Of the four major averages that I follow, all have formed trading ranges which based on the technical readings are most likely continuation patterns. The NYSE Composite (NYA) continues to look the best based on the advance/decline analysis. The monthly chart shows that with one day left in the month it is up 1.1% in April. The 20 month EMA is at 11,980 which is just below the February lows. The major support from the 2015 high, line a, is at 11,254 which is 10.6% below the Friday close.

The monthly advance/decline line is still well above its rising WMA which is a positive sign. It last turned positive in the spring of 2016 when it confirmed that the market’s major uptrend had resumed. It is well above the long-term support that goes back to the 2011 lows.

The weekly and daily chart of the NYSE Composite further highlights the recent trading ranges (I will Tweet charts later this weekend). The weekly A/D line moved above its flat WMA at the end of March.  The daily A/D line moved to a new high on April 18 and completed its trading range. The A/D line moved back above its WMA on Friday but the other A/D lines have not yet completed their trading ranges.

The weekly chart of the Spyder Trust (SPY) shows a classic flag or triangle formation, lines a and b. A strong close above the March 13th high at $279.29 will break the downtrend with chart targets at $288 and then at $295. The 38.2% Fibonacci support at $253.76 was briefly broken in February with 50% support at $243.95. This would be the downside targets if there was a decisive weekly close below $251.91.

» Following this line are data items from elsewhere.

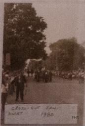 A photograph of a cross cut saw float in the Fowler Parade in 1980.Cataloged By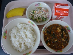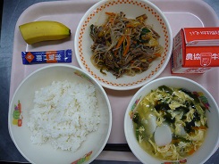 ごはん、トック、チャプチェ、ふりかけ、バナナ、牛乳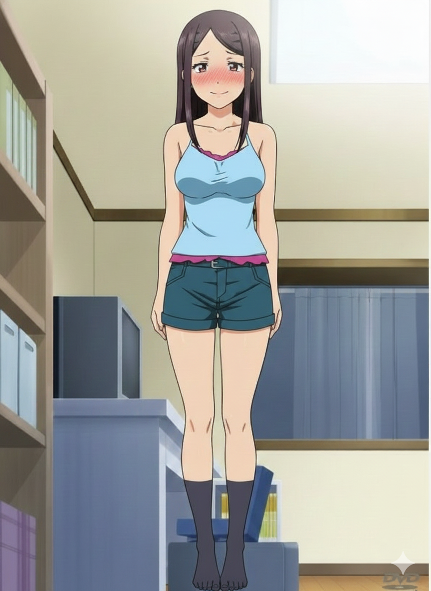 Attire: In this episode, she is often shown in a home environment, wearing casual clothing or school uniform, which enhances the contrast between her everyday life and the provocative situations she finds herself in.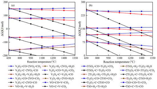 Gibbs free energy of standard reaction for reduction of vanadium oxide and titanium oxide: (a) vanadium oxide; (b) titanium oxide.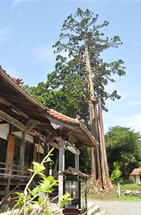 - 7日7日の落雷で福成寺の夫婦杉の片方一本がこげ、一部を伐採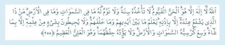 “Allâhü lâ ilâhe illâ hüvel hayyül kayyûm, lâ te’huzühu sinetün velâ nevm, lehu mâ fissemâvâti ve ma fil’ard, men zellezi yeşfeu indehu illâ bi’iznih, ya’lemü mâ beyne eydiyhim vemâ halfehüm, velâ yü-hîtûne bi’şey’in min ilmihî illâ bima şâe vesia kürsiyyühüssemâvâti vel’ard, velâ yeûdühû hıfzuhümâ ve hüvel aliyyül azim.”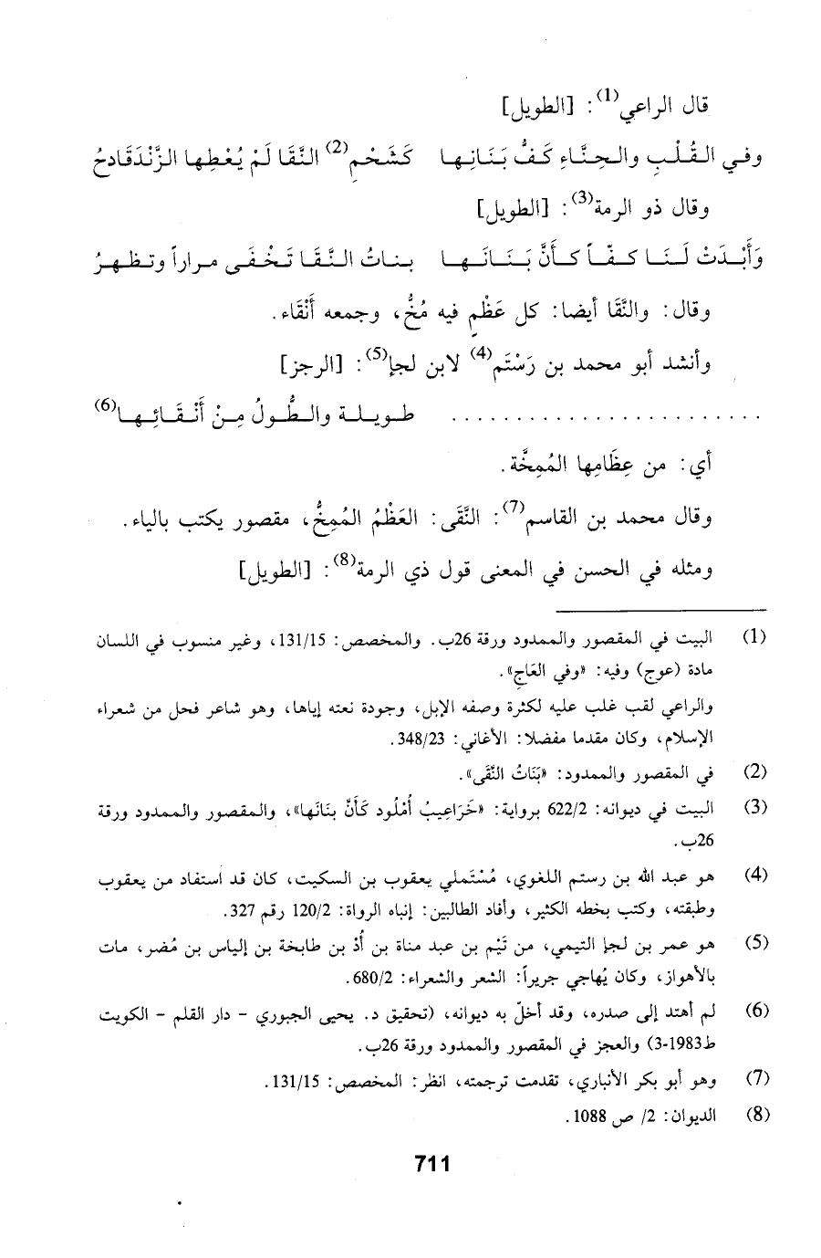وقال محمد بن القاسم: النَّقَى: العَظْمُ المُمِخُّ، مقصور يكتب بالياء.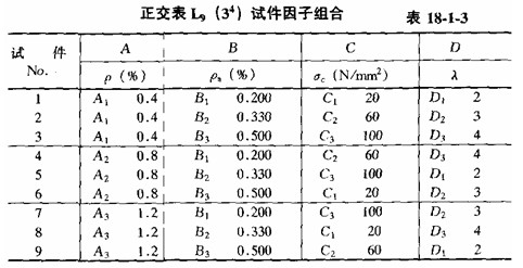 采用正交試驗設(shè)計法的正交表L9(34)并按表18—1—3組合時,當因子數(shù)為4和每個因子有3個水平數(shù)時,組成的試件數(shù)為9。即原來要求的81個試件可以綜合為9個試件、由此可見,正交試驗設(shè)計可以只需要少量的試件就可得到主要的信息,對研究問題作出綜合評價。不足之處是不能提供某一因子的單值變化與試驗?zāi)繕酥g的函數(shù)關(guān)系。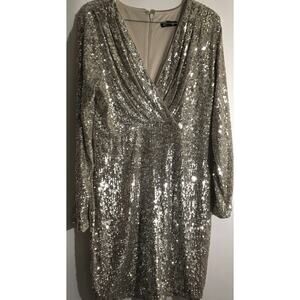 Express Women's Size Medium Metallic Sequin Dress Long Sleeve Cocktail Party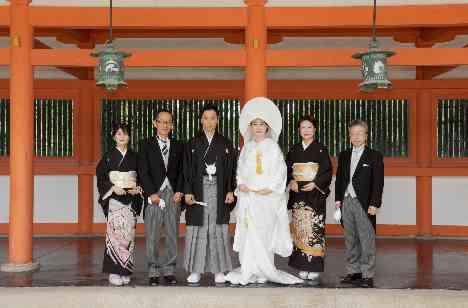 挙式は平安神宮の儀式殿にて厳かに、ご家族の皆様に見守られながら夫婦としての誓いを結ばれたおふたり。挙式後には、国の名勝庭園に指定されている神苑や朱色が美しい平安神宮の建物を背景に、沢山お写真撮影を愉しまれていました。平安神宮会館は平安神宮のすぐ隣にあるので、移動もスムーズなのが魅力の1つ。ご年配のゲスト様にも安心してお過ごしいただきました。
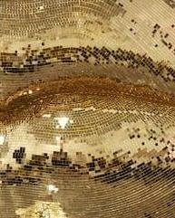 • RICHMOND obraz DONJA złoty. Zmysłowa, dekoracyjna rzeźba przedstawiająca usta, wykonana z polyresinu i zdobiona ręcznie rzeźbionymi mozaikami szklanymi. Całość pokryta jest lśniącymi, złotymi kafelkami, które przypominają efekt dyskotekowej kuli, odbijają
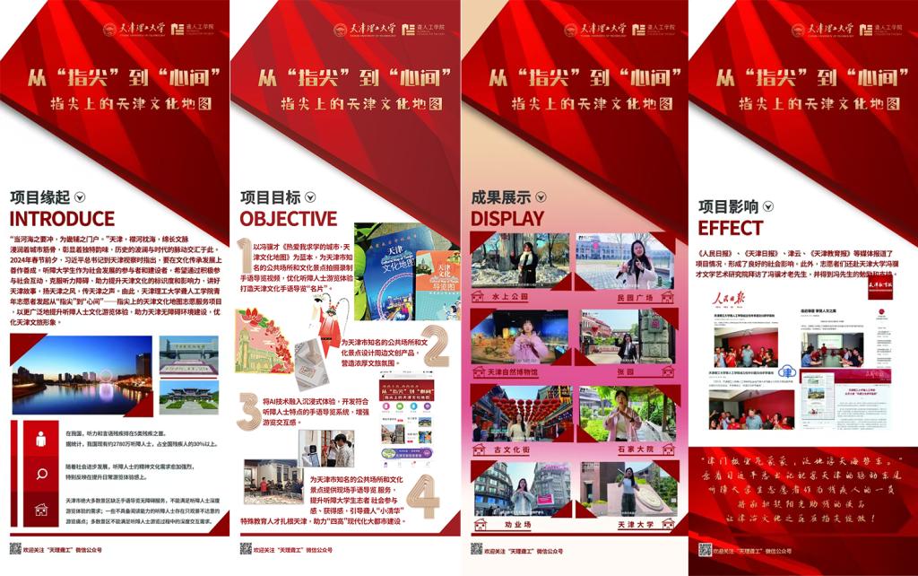 该项目以冯骥才《热爱我求学的城市天津文化地图》为蓝本,为天津市知名的公共场所和文化景点拍摄录制手语导览视频,设计文创产品,并计划将AI技术融入沉浸式体验,开发符合听障人士特点的手语导览系统,优化游览效果,打造天津文化手语导览“名片”,引导聋人“小清华”特殊教育人才扎根天津、服务天津。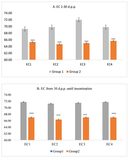 Figure 2. Electrical conductivity of cows’ milk at the level of udder quarters (μS/cm). (A). 1–30.p.p., (B). From 30 d.p.p. until insemination. Group 1—milk lactose < 4.70%, Group 2—milk lactose ≥ 4.70%. EC1—rear right, EC2—rear left, EC3—front right, EC4—front left. The difference between the groups is statistically significant—*** P < 0.001.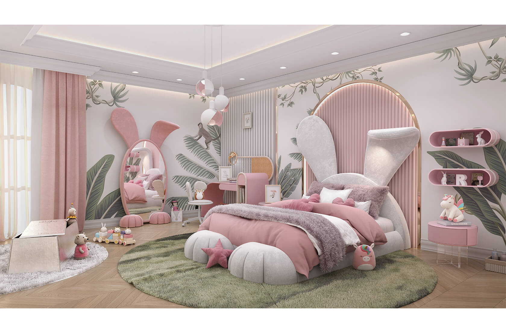 Inspired by the iconic character BugsBunny, the most famous and playful bunnyin the world, the Little Bunny Chair is hereto add more fun to your kid’s bedroom. With its shaped ears design combined withits translucid acrylic legs, this chair willgive you the illusion of being suspendedon the hair, making it a fun featured to addto your project. By using white synthetic furthe Little Bunny will also be a comfortableseating option for any kid’s study area.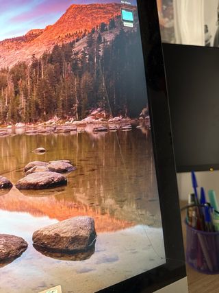 Ordenador de sobremesa iMac de Apple. Diseño elegante en color plata y negro. - cristal roto

The weekly S&P 500 A/D line improved slightly last week and is still above its flat WMA. The daily A/D line dropped below its WMA early last week but closed above it on Friday. A decline in the A/D line below the late March lows would be negative.

The iShares Russell 2000 (IWM) is still doing a bit better than the SPY this year as it is up 1.70% versus a 0.29% gain for the SPY. The weekly chart also is a bit more positive as it is just 3.7% below its all-time high. A move through the resistance at line a, would have initial upside targets in the $170-$172 area.

The 20 week EMA at $152.65 was tested last week. A drop below the low at $147.18 could means a violation of the support at $146.37, line b. The Russell 2000 A/D line is above its WMA and is closer to its support, line b, than it is to resistance (line c).

The A/D lines and chart look the weakest on the PowerShares QQQ Trust (QQQ). The QQQ was able to close the week slightly above its QPivot at $161.82 while the SPY is still below the QPivot at $267.57.  Both the weekly and daily A/D lines are still below their WMA with support to watch now at Wednesday’s doji low of $156.47 as a doji buy was triggered on Thursday.

So the bad news is that there are no strong signs yet that the market's correction is over and that investors will still have to be patient. The good news is that the technical evidence still favors an upward resolution of the recent trading ranges and a resumption of the stock market’s bullish trend.

The possibility of a break to the downside cannot be ignored and that is why stops are so important.  Accumulating some of the sector ETFs that are expected to be market leaders with reasonable stops is still the favored strategy. Until all the A/D lines turn positive, I would not be an aggressive buyer and would stay no more than 40-50% invested in equities.

During the earnings season, I am a careful buyer of stocks and several positions were sold at the start of the week as they were scheduled to report their earnings. This allowed us to miss Tuesday’s sharp drop. Now that the earnings season is winding down, there are a number of stocks that are looking attractive.  My weekend scan revealed that sixty-five S&P 500 stocks had generated new weekly buy signals.